Statistically significantly higher levels of palmitic, oleic, and linoleic acids and statistically significantly lower levels of linolenic acid in MIR604 compared to the near-isogenic non-transgenic control were noted. MIR604 also had statistically significantly higher levels of calcium and phosphorus than did their near-isogenic non-transgenic control corn. Once again, mean values for these were within published ranges and the differences in composition between MIR604 and control lines are not considered to be biologically significant.

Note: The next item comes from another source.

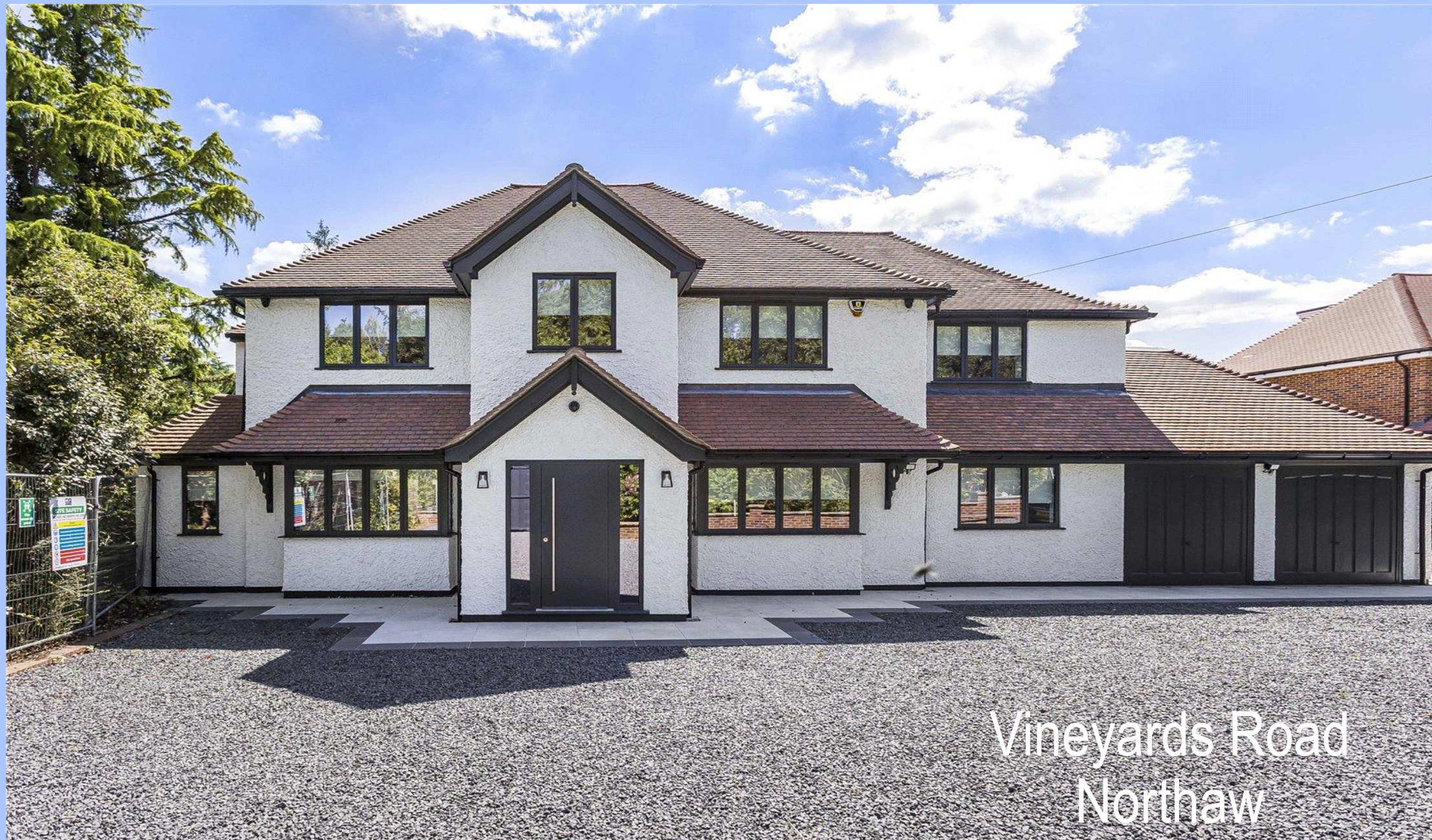
Vineyards Road Northaw

Vitamin levels in both MIR604 hybrids and the near-isogenic non-transgenic controls were found to be within published literature ranges. The values for phytic acid were at or below literature values for both MIR604 and the near-isogenic non-trangenic control corn. The values for the other anti-nutrient, trypsin-inhibitor, and all of the secondary metabolites for both the MIR604 hybrids and the near-isogenic non-trangenic control corn were within published literature ranges.
The results of these compositional analyses led to the conclusion that MIR604 forage and grain is not different in nutritional and anti-nutritional composition compared to maize hybrids currently marketed, grown and consumed.